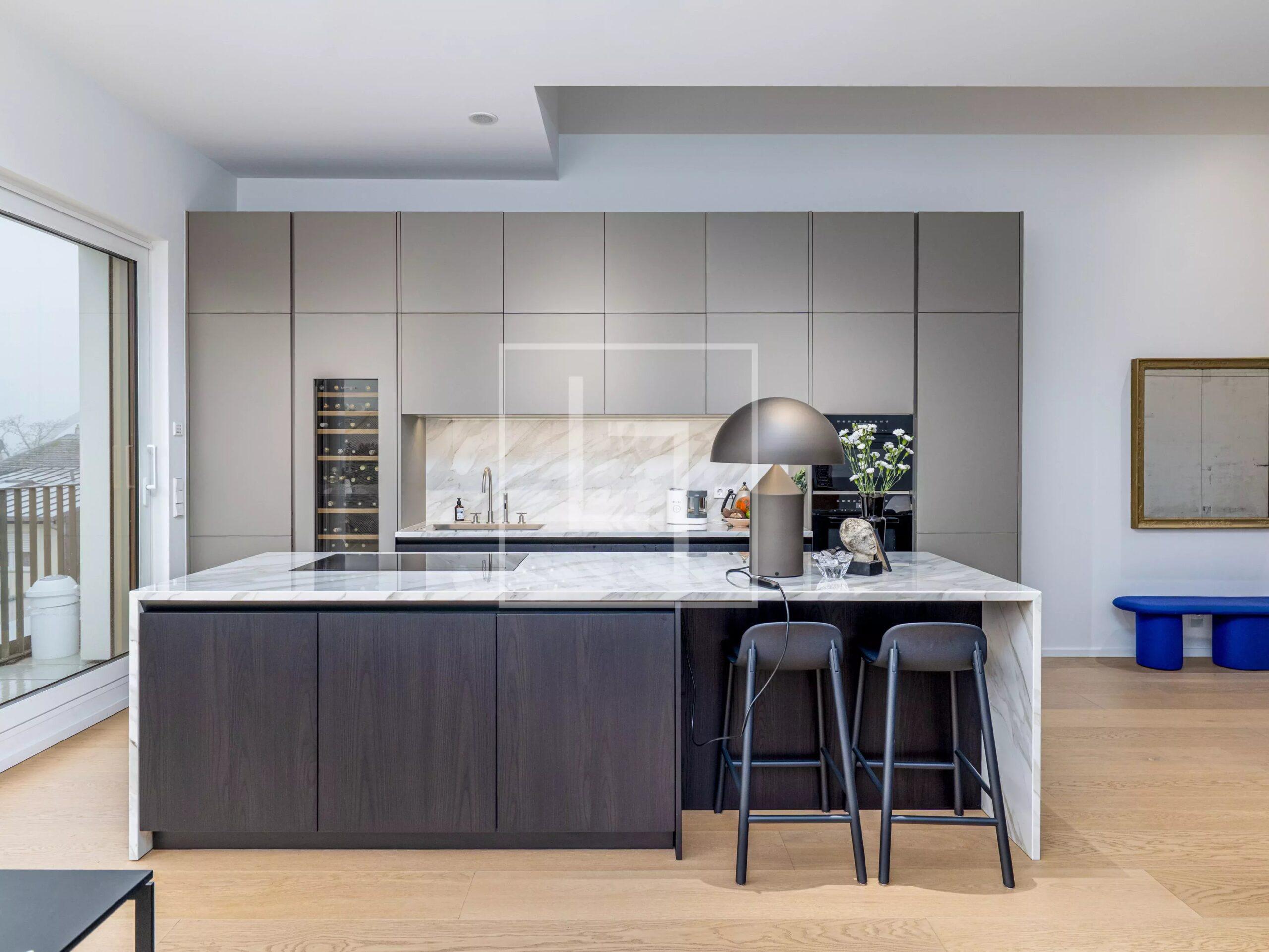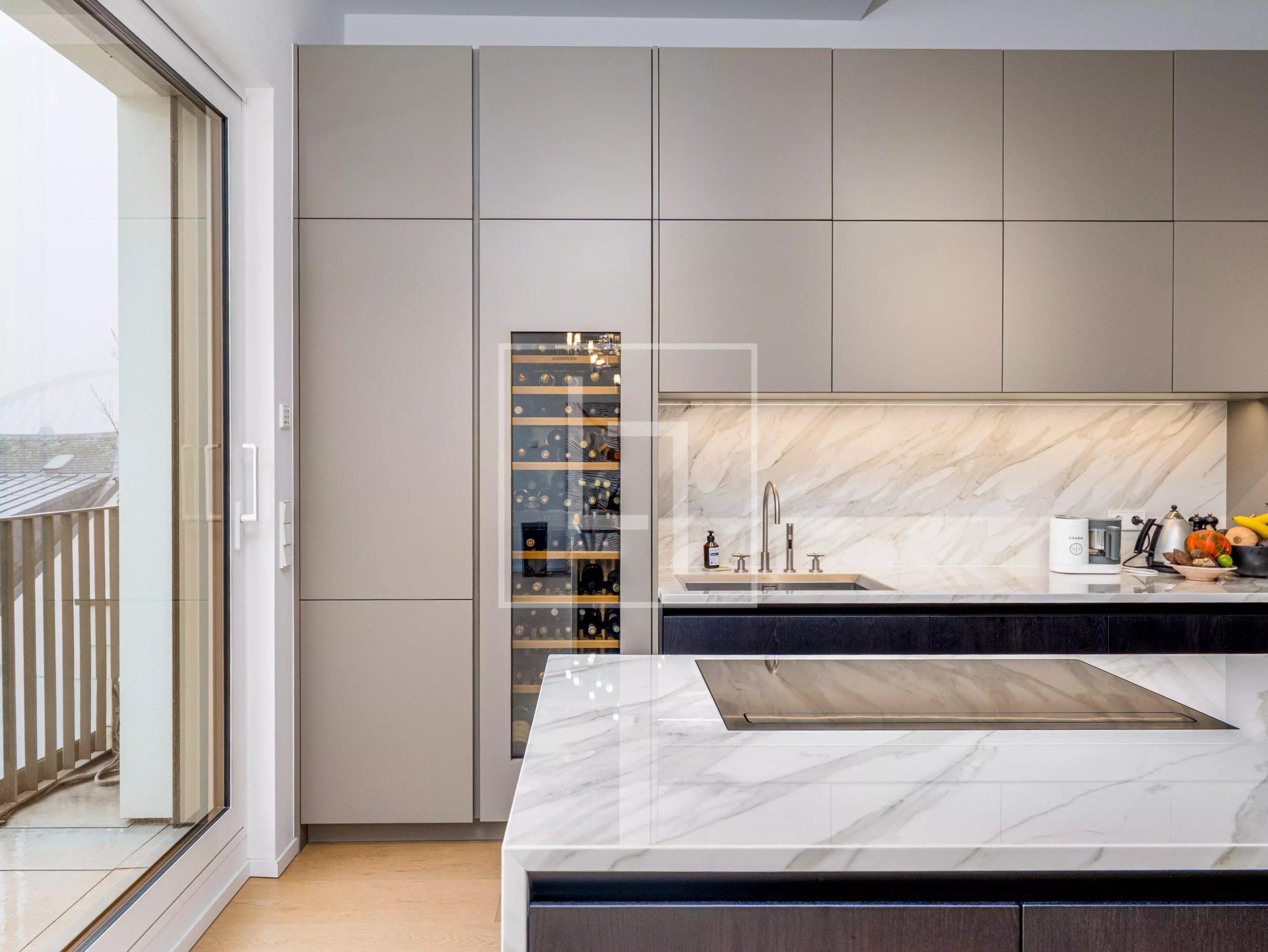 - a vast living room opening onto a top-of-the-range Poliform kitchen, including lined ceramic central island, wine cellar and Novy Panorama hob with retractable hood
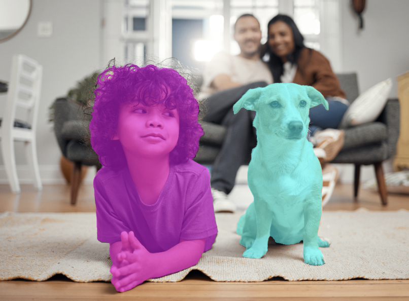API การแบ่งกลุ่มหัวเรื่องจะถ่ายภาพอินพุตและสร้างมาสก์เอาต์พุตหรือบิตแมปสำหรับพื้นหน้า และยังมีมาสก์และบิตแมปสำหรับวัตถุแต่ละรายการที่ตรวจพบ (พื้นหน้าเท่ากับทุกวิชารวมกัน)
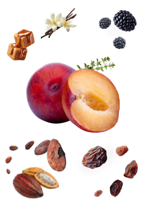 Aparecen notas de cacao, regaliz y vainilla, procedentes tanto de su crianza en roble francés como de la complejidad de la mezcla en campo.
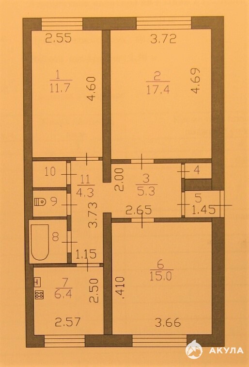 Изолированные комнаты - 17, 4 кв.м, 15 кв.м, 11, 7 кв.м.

= = =

[EXERCISE] Exactly the lines from the one with "Aparecen notas de" to the last line of the listing are wanted, both ends included and pictures excluded.

[EXERCISE OUTPUT]
 Aparecen notas de cacao, regaliz y vainilla, procedentes tanto de su crianza en roble francés como de la complejidad de la mezcla en campo.
 Изолированные комнаты - 17, 4 кв.м, 15 кв.м, 11, 7 кв.м.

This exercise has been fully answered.